Vmware -When nfs was down for about 12 hours  and then brought back up again , snasphots are not being attempted for some of the volumes which have snaphots that are in "CreatedOnPrimary" state.

Set up :
Advanced Zone with 2 5.1 ESXI hosts.

Steps to reproduce the problem:

1. Deploy 5 Vms in each of the hosts , so we start with 11 Vms.
2. Start concurrent snapshots for ROOT volumes of all the Vms.
3. Shutdown the Secondary storage server when the snapshots are in the progress.
4. Bring the Secondary storage server up after 12 hours.

Follwoing are the issues that are seen in this run:

1. I see that the snapshots that are in Progress , report failures only after 12 hours even though the backup.snapshot.wait is set to 12 hours.

2. New snapshot request that were executed when the NFS server was down , do  not report failure immediately.

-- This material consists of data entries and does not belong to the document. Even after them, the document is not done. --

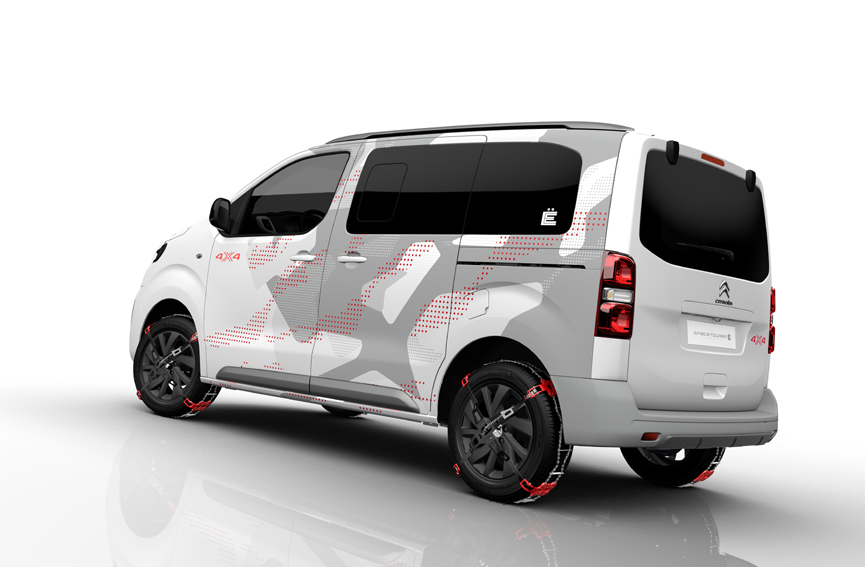 Combining the best features of vans and SUVs, the design above all emphasises the concept car's all-terrain abilities. The SpaceTourer 4X4 Ë Concept is equipped with special front and rear protective skid plates and roof bars with a satin aluminium finish. Recognizable with its "4X4" logo under the door mirrors and on the tailgate, it also features tyres with snow chains.
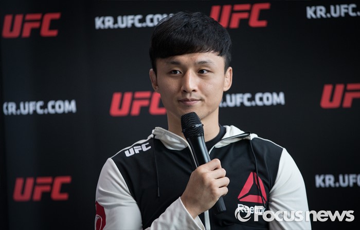 (서울=포커스뉴스) 지난 9일 티아고 타바레스(31, 브라질)를 1라운드 2분 42초에 TKO로 제압하고, UFC 3연속 KO 승리라는 쾌거를 이루고 귀국한 ‘코리안 슈퍼보이’ 최두호가 선수가 12일 오전 서울 여의도 리복 센티널 IFC에서 기자회견을 하고 있다.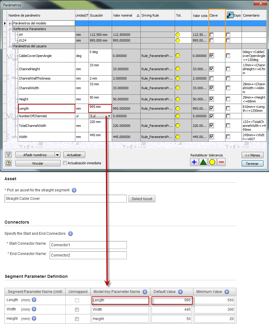 - Crear la asignación de parámetros entre los segmentos de la cadena de componentes y los modelos de la familia.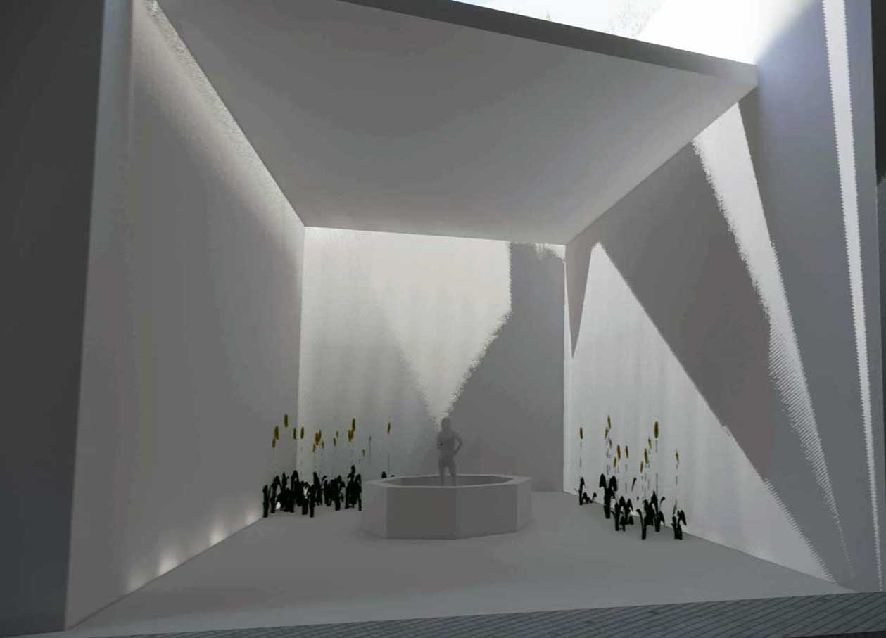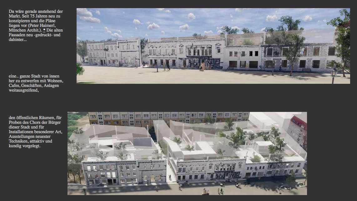 Wenn wir heute die Kapitel des Films in der Reihenfolge ihres Erscheinens im Film etwas verkürzt, nach Art der Trailer durchgehen, kommen wir jetzt an die Arbeiten von Peter Haimerl , dem Architekten aus München, der weiss, wie man an einem kleinen Ort und abseits ein kultuelles Zentrum schafft -wie Blaibach im fernen Bayerischen Wald, das seidem blüht-. Hier in Demmin, im Vergleich zu den kollegialen Modellen von A. Schwarz und seinen Studenten, ein kontrastierender Versuch. Aus dem ehemaligen Markt und seit 1945 unbebaut, ein neues Zentrum zu schaffen. Die jetzt alle Blicke und Raum-störende Plattenbaufassade würde zurückgedrängt.

In my case , i see that such  request eventually succeeded when the NFS server was brought up. Is this the expected behavior ? Should we not expect to fail right away , instead of holding on to such active  sessions ?

3. Some of the snapshot failures resulted in snaphots that are in "CreatedOnPrimary" state. For such volumes , snapshots are not being attempted at all , even though  the NFS server was brought up.

Volumes in this state are - 16,18,17,22.

There are instances where  I have seen the snapshots being scheduled and succeeding even when the previous state was "CreatedOnPrimary". Why are were able to schedule snapshots in such cases ? And sometimes not in other cases?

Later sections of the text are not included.